It’s been a lousy few days for the doomsday merchants, the ones who said that companies would flee Britain once Brexit bit.
On 5 February the head of Barclays told the BBC that the finance industry did not need to bother about the EU, snuffing out the pretensions of France and Germany to global financial leadership.
“I think Brexit is more than likely on the positive side than on the negative side,” said Jes Staley, adding, “I think what London needs to be focused on is not Frankfurt or Paris, [it] needs to be focused on New York and Singapore.”
Nor – diehard anti-Brexit pundits take note – was he calling for a bonfire of regulations, or indeed for any regulatory loosening. “I wouldn’t burn one piece of regulation,” he said.

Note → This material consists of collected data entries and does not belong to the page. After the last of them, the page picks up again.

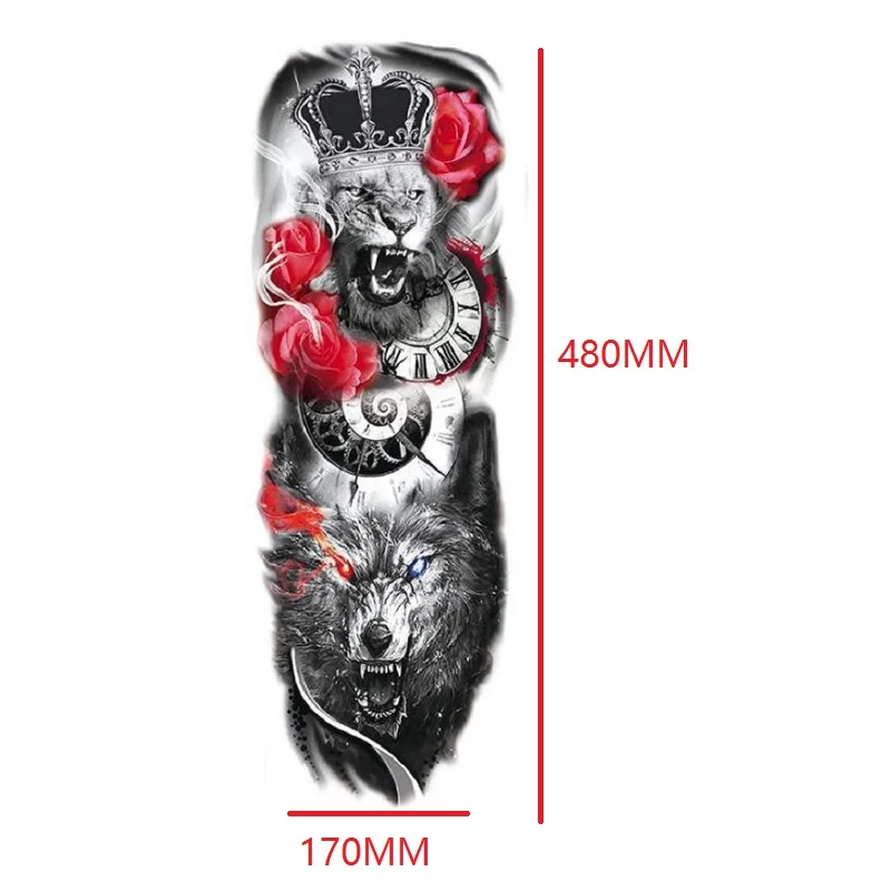 Новинка 2022, водостойкая Временная большая наклейка с имитацией рукава и татуировкой на всю руку, тотем, Череп, Лев, плечи, тату для мужчин и женщин, боди-арт
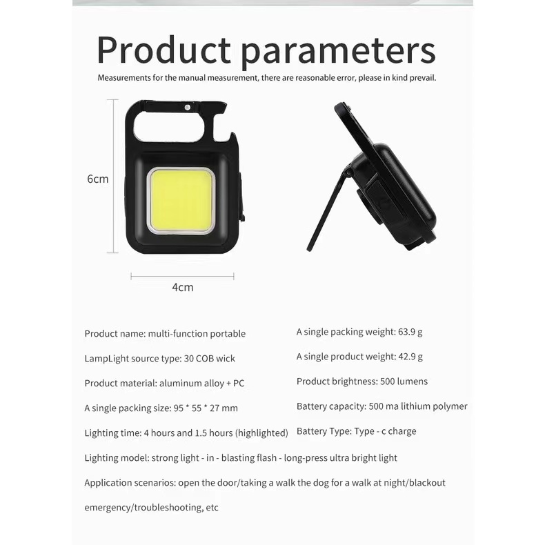 ไฟ LED ขนาดเล็กพกพาได้สำหรับตั้งแคมป์กลางแจ้งโคมไฟอเนกประสงค์สำหรับเปิดขวดพวงกุญแจโคมไฟ COB ไฟฉายฟลัดไลท์โคมไฟแม่เหล็กแร
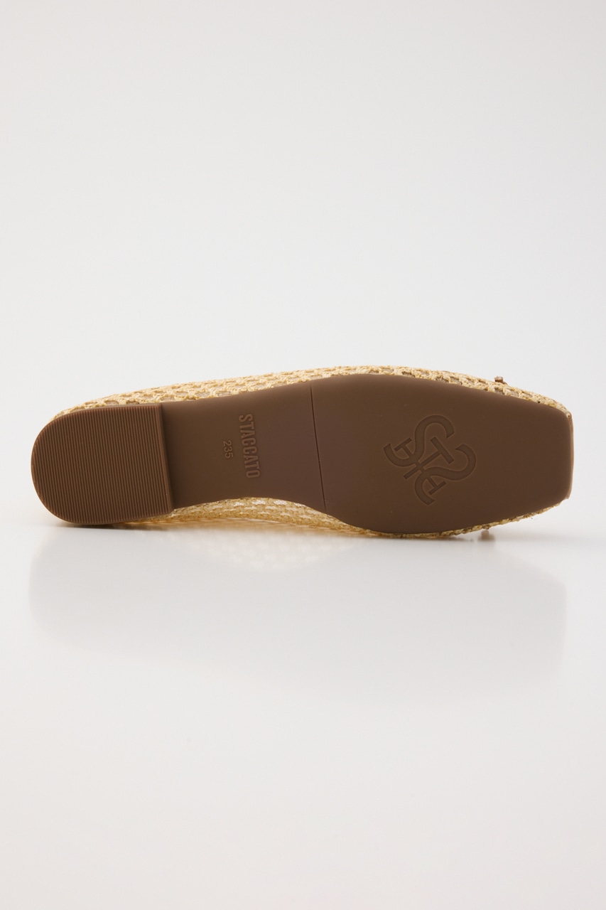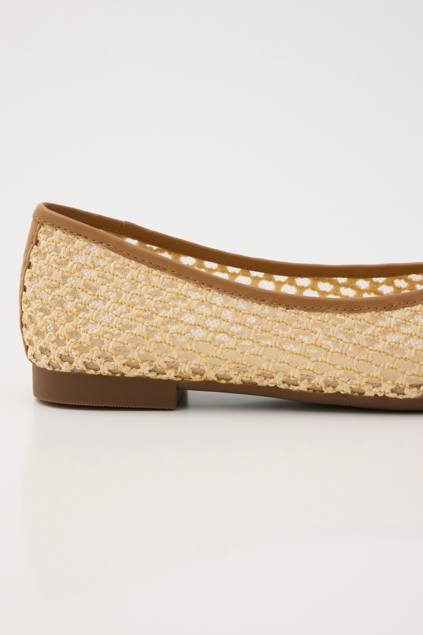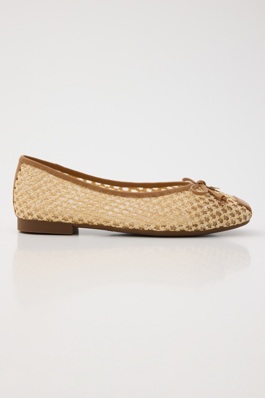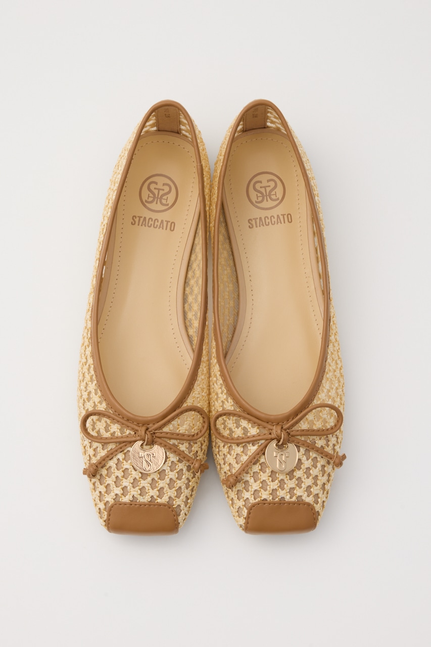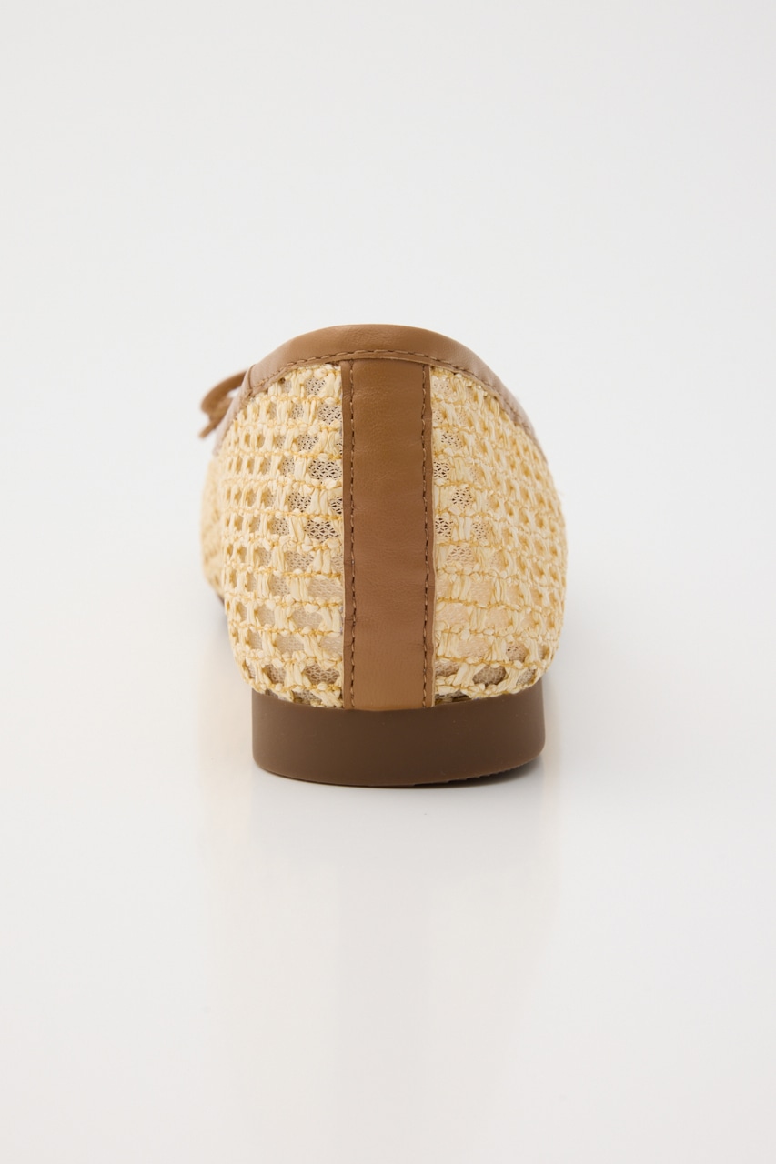 春夏に重宝する涼し気な軽量フラットシューズ。さらっと履けるキュートなデザインの抜け感のある、編み込み風デザインの2重メッシュ構造。リボン部分にはレトロなコインプレートもポイントです。ワンピースからカジュアルなパンツスタイルにもおすすめです。
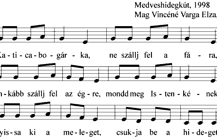 Katicabogárka, Ne szállj fel a fára, Inkább szállj fel az égre, Mondd meg Istenkének, Nyissa ki a meleget, Csukja be...
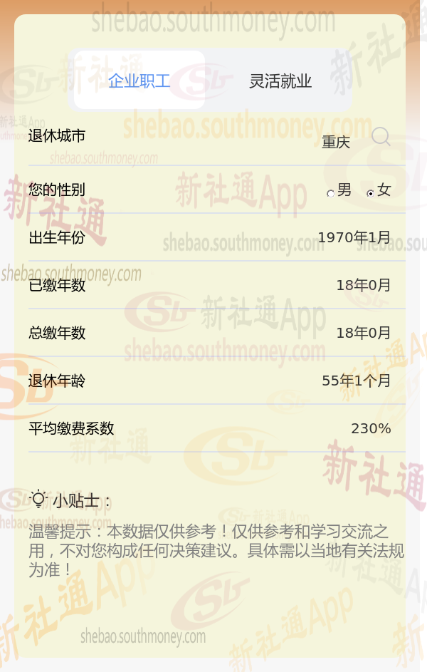 新社通app养老金计算器计算所得:
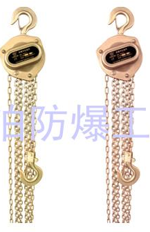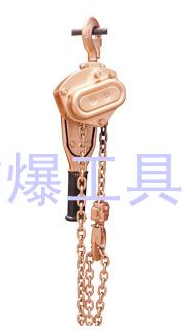 防爆手拉葫芦:本发明以铝青铜、铍青铜作为毛坯,手拉葫芦外壳采用H62铜合金材料。本发明手拉葫芦受力摩擦部位包括构成手拉葫芦的起重轮、手链轮、墙板、挂钩、齿轮、齿轮轴采用铝青铜、铍青铜合金材料。本发明防爆手拉葫芦适用于石油、化工、炼油、采气、油品运输、矿山作业等易燃易爆气体场所。
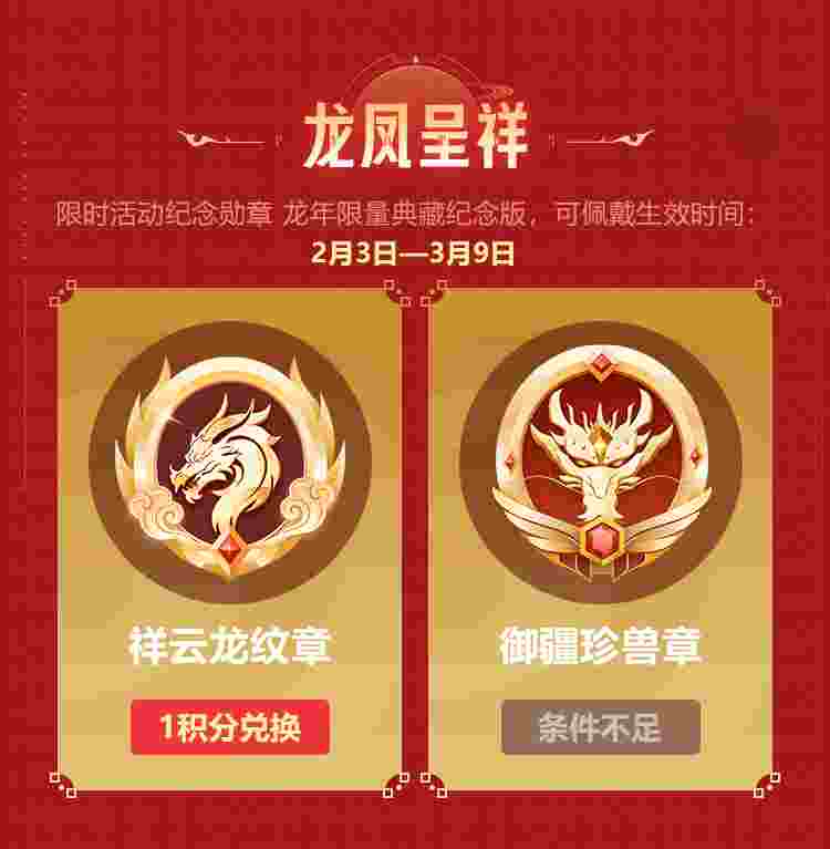 今年我们还推出了龙年限量典藏纪念勋章1积分购的限时活动,用户只需用1个APP积分即可兑换到1枚祥云龙纹章,回归用户还可额外兑换1枚御疆珍兽章。新年新勋章,快乐又安康~
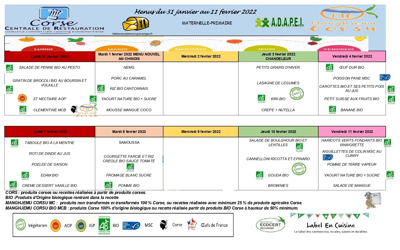 Retrouvez ici 👇👇 et sur la page de la cantine en cliquant ici, le menu de la cantine du lundi 31 janvier au vendredi 18 février 2022.
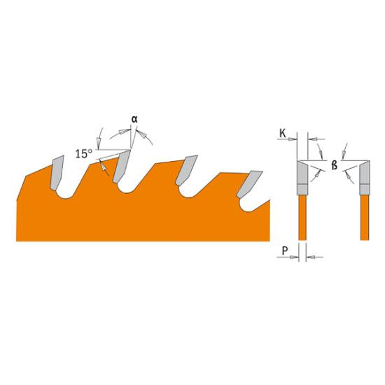This saw blade is part of the CMT ITK Plus line of blades. These blades are designed for professional woodworkers and finish carpenters who run their blades all day long demanding ultimate precision and extended life, while conquering the most challenging applications. The special High-Density Chromium Carbide reduces tooth abrasion and the PTFE (Teflon) coated body protects against rust, corrosion and guarantees long-lasting performance. This blade is designed to be run all day and can cut wood, plywood, MDF, laminates and OSB, The steel plate is laser cut from 46-48 HRC precision German steel to very tight tolerances ensuring longer life and more accurate cuts. The cutting teeth are made from a specially formulated chromium micrograin carbide which stays sharper longer by reducing cutting edge abrasion, improving cut quality and tool life. Each tooth is precision ground on a multi-axis CNC machine creating perfect edge angles and guaranteeing extra-clean cuts and extended life. The Silver-Copper-Silver tri-metal brazing process used to attach the teeth to the saw plate lets the teeth withstand severe impact when cutting harder wood and composite material. The saw plate is coated with Non-Stick Orange PTFE to prevent overheating, protect against corrosion and rust, reduce resin build-up, reduce blade drag, and improve performance and cutting life. The laser cut heat expansion slots are engineered to allow the blade to expand when heat build-up occurs from use, preventing blade warping. The laser cut sound-dampening channels are specifically designed to dampen running noise and control wobbling caused by unwanted harmonic vibration.
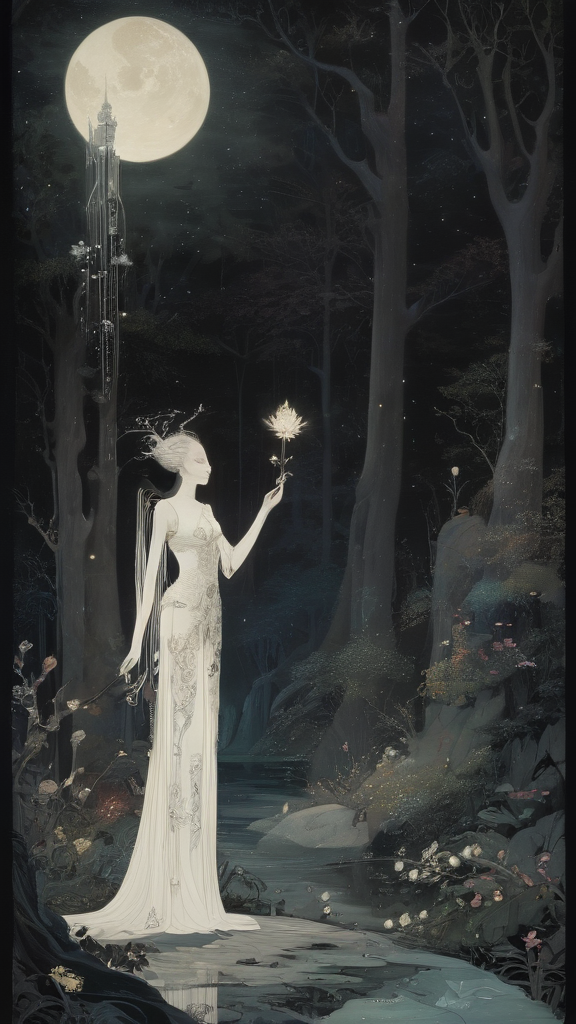(by Kay Nielsen:1.5), (Within the shimmering confines of a Magical arena, Wizards duel, their spells colliding in a spectacle of light and power, as arcane energies crackle in the air.:0.5) ([Mythopunk|Forestpunk]:1.3)
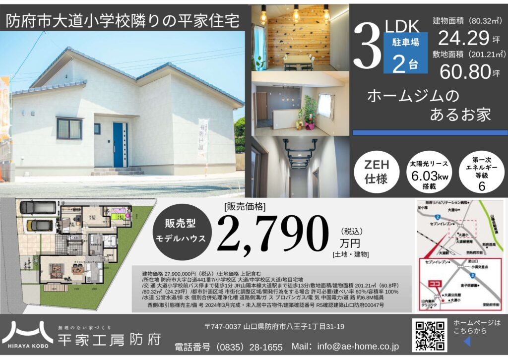 防府市 大道小学校隣り 3LDK 平屋モデルハウス内覧可能です。

On the same day, international food giant Mondelez announced it was shifting the bulk of its Cadbury’s Dairy Milk production back to Bournville, in the West Midlands. The move reverses much of the outsourcing that took place in 2017.
And on 9 February, car firm BMW announced it will shift production of its new V12 engine for Rolls-Royces from Munich to its Hams Hall, Warwickshire, factory – the first time this century that Rolls-Royces will have their engines built in Britain.
And all this on top of the declaration in January from Nissan boss Ashwani Gupta that “Brexit gives us the competitive advantage not only within the United Kingdom but outside the United Kingdom also.” He backed this up with action, moving battery production for Nissan’s Leaf car from Japan to Sunderland.